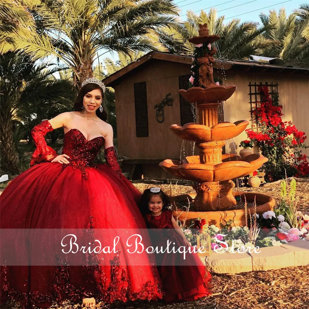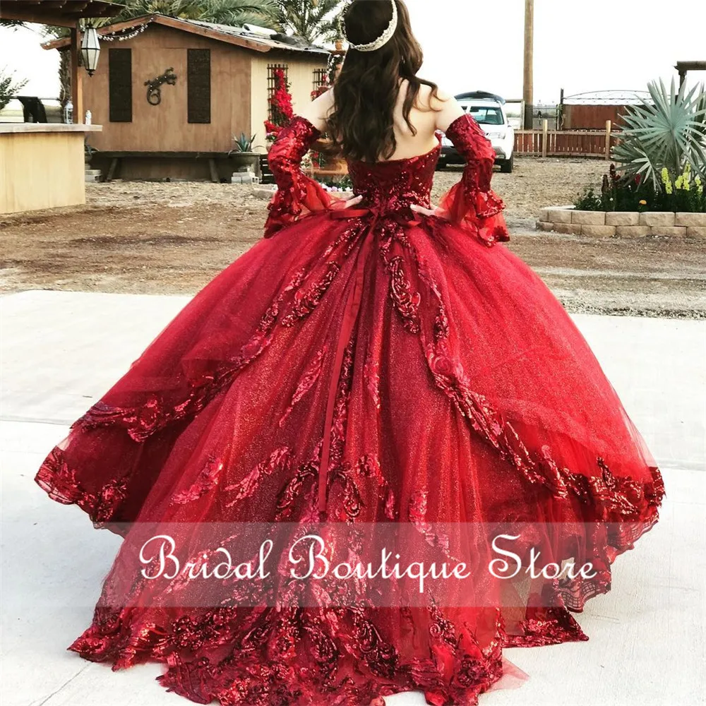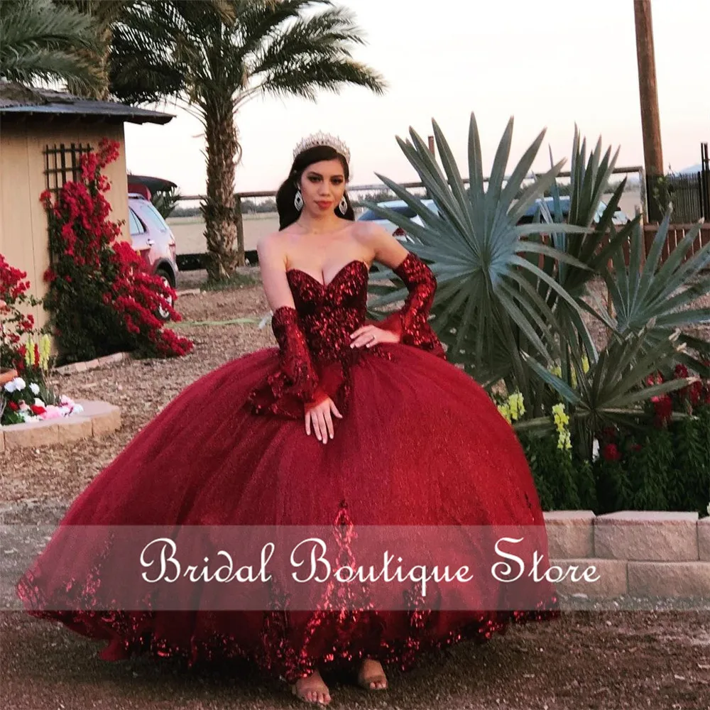 Органза цвета Бургунди сладкий 16 Пышное Платье Холодное торжество, расшитое пайетками; С длинными рукавами и аппликацией из бисера Милая Праздничное платье мексиканская для девочек платье на день рождения
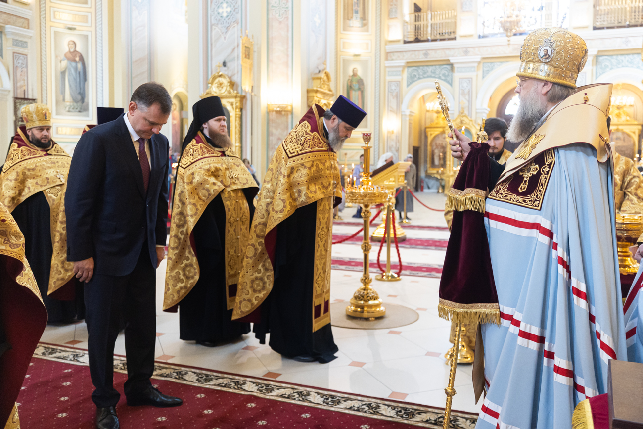 Отрадно отметить, что после назначения временно исполняющим обязанности Губернатора вы первым делом обратились к Богородице в Кафедральном храме. И сегодня, после принесения присяги, вновь пришли к Ее святому образу — Донской Хранительнице нашего края. Потому можно с уверенностью сказать: в этом святом храме Матерь Божия вручает в ваше управление свой Донской удел».
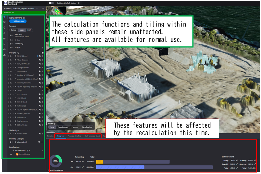 | 3 | Bugfix | Progress | The calculation results displayed in the “Progress” tab at the bottom of the screen sometimes showed different values from the Measurement feature. We have fixed this issue so that the same values are now displayed. [Note] After release, Progress will be recalculated the first time user opens the Dashboard. The progress heatmap will not be displayed until recalculation is complete. During recalculation, all other functions will remain available as usual. Additional Information The scope of the recalculation affects only certain features. |
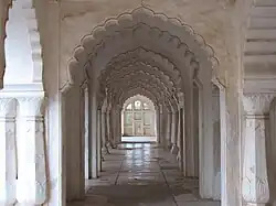 - Quila-E-Ark: In 1692, Aurangzeb ordered a palace to be built and named it the Killa Arrak. The space enclosed by the Killa Arrak or citadel covered nearly the whole ground between the Mecca and Delhi gates of the city. It had four or five gateways and a nagarkhana for the musicians. The walls were battle-mented and loop-holed, and had semi-circular towers at the angles, on which guns were once mounted. The inner portion was occupied by recesses similar to those in the city walls. To the right of the entrance was a high terrace extending the whole length of the ground enclosed.
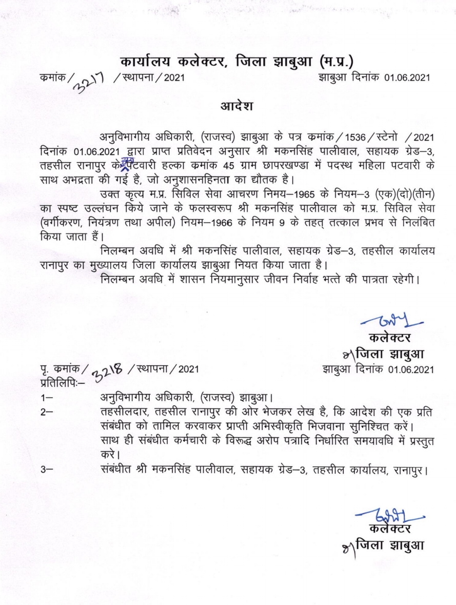 कलेक्टर सोमेश मिश्रा ने आदेश में बताया महिला पटवारी के साथ जो अभद्रता ओर अनुशासनहिनता की है, वह कृत्य मप्र सिविल सेवा आचरण नियम-1965 के नियम-3 (एक)(दो)(तीन) का स्पष्ट उल्लंघन किये जाने के फलस्वरूप मकनसिंह पालीवाल को मप्र सिविल सेवा (वर्गीकरण, नियंत्रण तथा अपील) नियम-1966 के नियम 9 के तहत तत्काल प्रभाव से निलंबित किया जाता है।
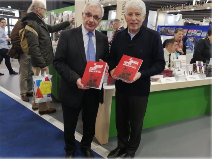 Raymond Wey de l’AAMSSA et Jean-Pierre Lopez sur le stand du Ministère des Armées au Salon du livre le 15 mars 2019
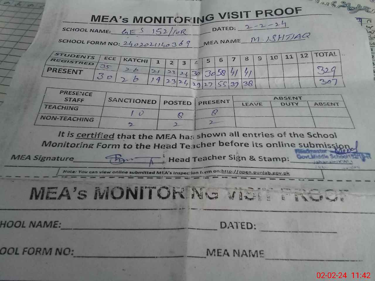 | Attendance Register | Head Teacher | MEA with School | Visit Proof |
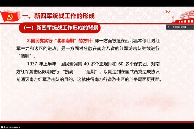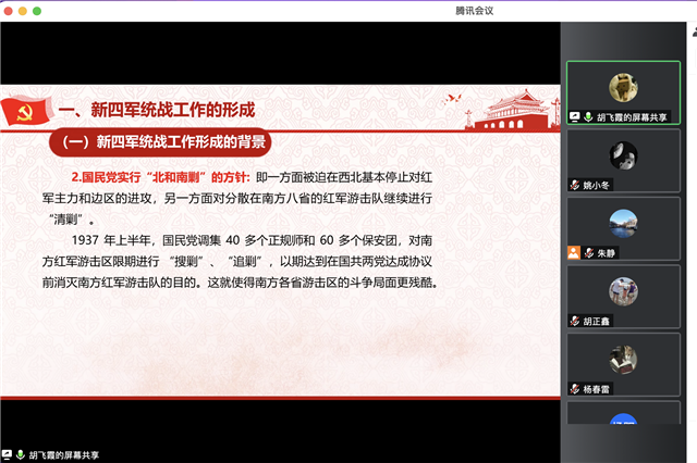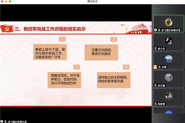 胡老师从新四军统战工作的形成、新四军统战工作的发展与壮大、新四军统战历程的现实启示三个部分生动、详细地介绍了新四军的统战工作。
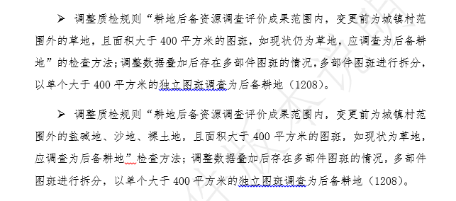 质检软件设置的耕地后备质检规则是针对涉及到存在变更的图斑才进行质检。如基础库为草地,该图斑位于耕地后备资源调查评价成果范围内,只有该图斑涉及变更被提取到地类图斑更新层,质检规则才会进行检查,未变更图斑质检不检查。图斑是否变更为耕地后备需核查确定。
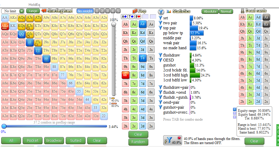 По такой структуре флопа, если я не ошибаюсь на вскидку, у тебя не будет прям крутого примущества по эквити и реализации эквити тем более, но по натсам будет все же легкий перевес. У опонента нету тузов, мало АК, все остальное поровну.

|---|

Brief: Everything in the records above must be repeated exactly, apart from the pictures.

Solved problem:
 Органза цвета Бургунди сладкий 16 Пышное Платье Холодное торжество, расшитое пайетками; С длинными рукавами и аппликацией из бисера Милая Праздничное платье мексиканская для девочек платье на день рождения
 Отрадно отметить, что после назначения временно исполняющим обязанности Губернатора вы первым делом обратились к Богородице в Кафедральном храме. И сегодня, после принесения присяги, вновь пришли к Ее святому образу — Донской Хранительнице нашего края. Потому можно с уверенностью сказать: в этом святом храме Матерь Божия вручает в ваше управление свой Донской удел».
 | 3 | Bugfix | Progress | The calculation results displayed in the “Progress” tab at the bottom of the screen sometimes showed different values from the Measurement feature. We have fixed this issue so that the same values are now displayed. [Note] After release, Progress will be recalculated the first time user opens the Dashboard. The progress heatmap will not be displayed until recalculation is complete. During recalculation, all other functions will remain available as usual. Additional Information The scope of the recalculation affects only certain features. |
 - Quila-E-Ark: In 1692, Aurangzeb ordered a palace to be built and named it the Killa Arrak. The space enclosed by the Killa Arrak or citadel covered nearly the whole ground between the Mecca and Delhi gates of the city. It had four or five gateways and a nagarkhana for the musicians. The walls were battle-mented and loop-holed, and had semi-circular towers at the angles, on which guns were once mounted. The inner portion was occupied by recesses similar to those in the city walls. To the right of the entrance was a high terrace extending the whole length of the ground enclosed.
 कलेक्टर सोमेश मिश्रा ने आदेश में बताया महिला पटवारी के साथ जो अभद्रता ओर अनुशासनहिनता की है, वह कृत्य मप्र सिविल सेवा आचरण नियम-1965 के नियम-3 (एक)(दो)(तीन) का स्पष्ट उल्लंघन किये जाने के फलस्वरूप मकनसिंह पालीवाल को मप्र सिविल सेवा (वर्गीकरण, नियंत्रण तथा अपील) नियम-1966 के नियम 9 के तहत तत्काल प्रभाव से निलंबित किया जाता है।
 Raymond Wey de l’AAMSSA et Jean-Pierre Lopez sur le stand du Ministère des Armées au Salon du livre le 15 mars 2019
 | Attendance Register | Head Teacher | MEA with School | Visit Proof |
 胡老师从新四军统战工作的形成、新四军统战工作的发展与壮大、新四军统战历程的现实启示三个部分生动、详细地介绍了新四军的统战工作。
 质检软件设置的耕地后备质检规则是针对涉及到存在变更的图斑才进行质检。如基础库为草地,该图斑位于耕地后备资源调查评价成果范围内,只有该图斑涉及变更被提取到地类图斑更新层,质检规则才会进行检查,未变更图斑质检不检查。图斑是否变更为耕地后备需核查确定。
 По такой структуре флопа, если я не ошибаюсь на вскидку, у тебя не будет прям крутого примущества по эквити и реализации эквити тем более, но по натсам будет все же легкий перевес. У опонента нету тузов, мало АК, все остальное поровну.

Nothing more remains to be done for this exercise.